雪兎の隣に椅子を運んで腰を下ろす。足を動かしにくかったので浴衣を引っ張ったりめくったりして片足を膝上辺りから露出させることに成功、これで過ごしやすくなった。

「吸血鬼って角とかいるかなぁ」

「どっちかって言うと大事なのは牙じゃないですか?」

「あ、そっか……牙ね牙。つけ牙……ご飯食べるししっかりしたの作ってもらわないと」

「顔以外露出のない正装って感じですよね、イメージとしては。黒一色で、差し色に赤とか。マントも必要ですよ」

「うんうん……こんな感じかな~」

以前雪兎の授業参観に行った時も思ったが、やはり絵が上手い。パースは当然服のシワも自然で絵に説得力がある。

「吸血鬼って何か持ってるイメージある? ほら、フォークみたいな槍とか」

「虫歯菌じゃないんですから……でも吸血鬼って別に何か持ってるイメージは……ぁ、輸血パックとかどうです?」

「ギャグっぽいなぁ……まぁ、アイディアの一つとして残してはおくよ。次はポチだね」

吸血鬼風の衣装イラストのレイヤーが透過され、髪も顔もない人の素体だけが残る。新たなレイヤーを増やした雪兎は俺に着せる予定の狼男風衣装を描いていく。

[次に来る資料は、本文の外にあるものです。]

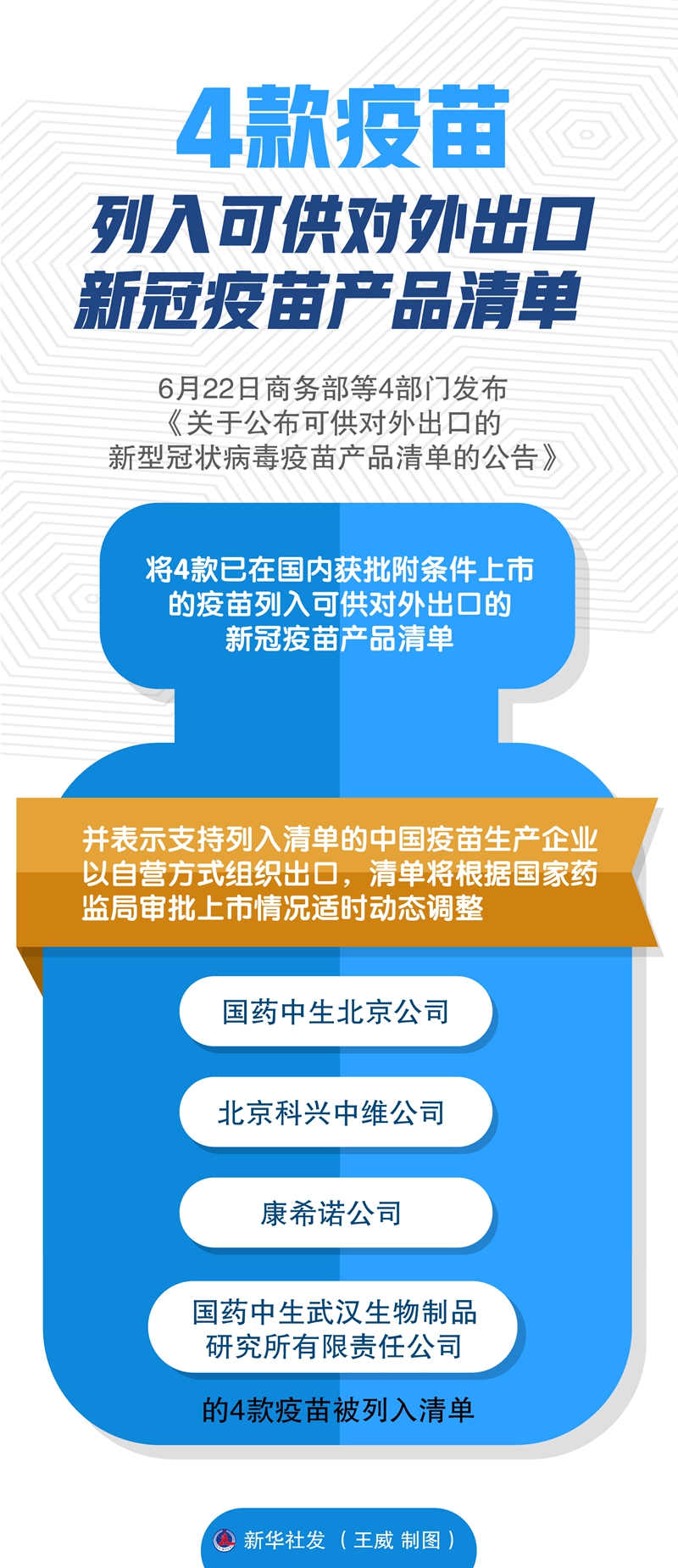 新华社北京6月22日电(记者于佳欣)商务部等4部门22日发布公告,将4款已在国内获批附条件上市的疫苗列入可供对外出口的新冠疫苗产品清单,并表示支持列入清单的中国疫苗生产企业以自营方式组织出口,清单将根据国家药监局审批上市情况适时动态调整。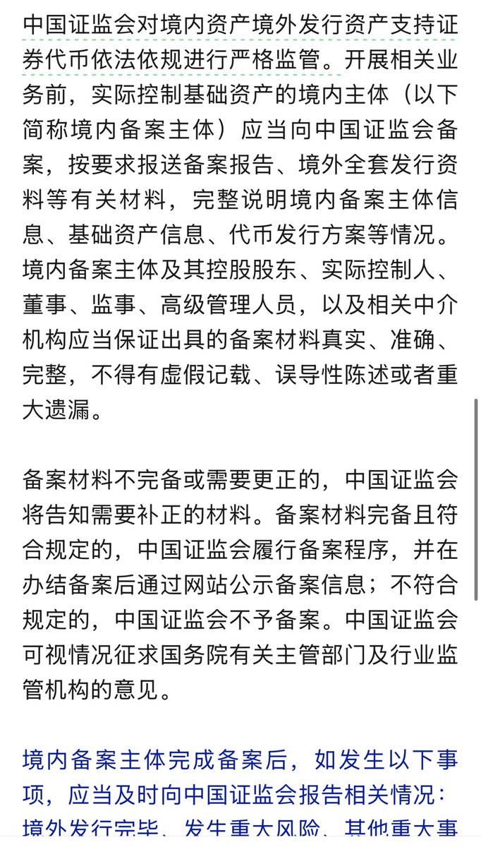 第二份证监会发布的境内资产境外发行资产支持证券代币监管文件里虽然也有很多严格条款,但是也明确了实际控制基础资产的境内主体,只要备案信息完整、准确、正确,其实是可以在境外发行资产支持证券代币的。

「顔出したくないんだよね? 犬のマスク作っちゃおうか。ならもう着ぐるみみたいにしちゃって~……ぁ、そうだ、前に使ったアレ覚えてる? 脳波測って尻尾揺れるヤツ」

「あー……カチューシャで測る……」

「そうそう、あの仕組みをマスクに付けて、着ぐるみについてる尻尾揺れるようにするの」

「無駄にハイテク……別にそんな仕組みいらないと思いますけどね」

それなら雪兎に蝙蝠の羽でも生やして羽ばたくようにした方がよっぽど有意義だ。

「そう? まぁ、一応アイディア残しておいて……マスクの中はどうしようかなぁ、ご飯食べる時は外さなきゃだよね。そうだ、内側にディルドつけちゃお。被ったら咥えなきゃならないようにして……なら着ぐるみの中にもバイブとローターたっくさん仕掛けてぇ……ふふふ」

「あ、あのー、ユキ様? パーティなんですよね、俺が話さないとはいえ変な声出したり変な動きしたりしちゃうのはまずいのでは?」

雪兎以外の者の前で痴態を晒すなんて絶対に嫌だ。俺の情けない姿を見てもいいのはせいぜい雪風までだ。

「僕がその程度のこと考え至ってないとでも?」

「えっ、い、いえ、すみません……」

「ポチが心配することは何もないよ、全部僕に任せて?」

「……はい」

肯定以外の選択肢は許されていない。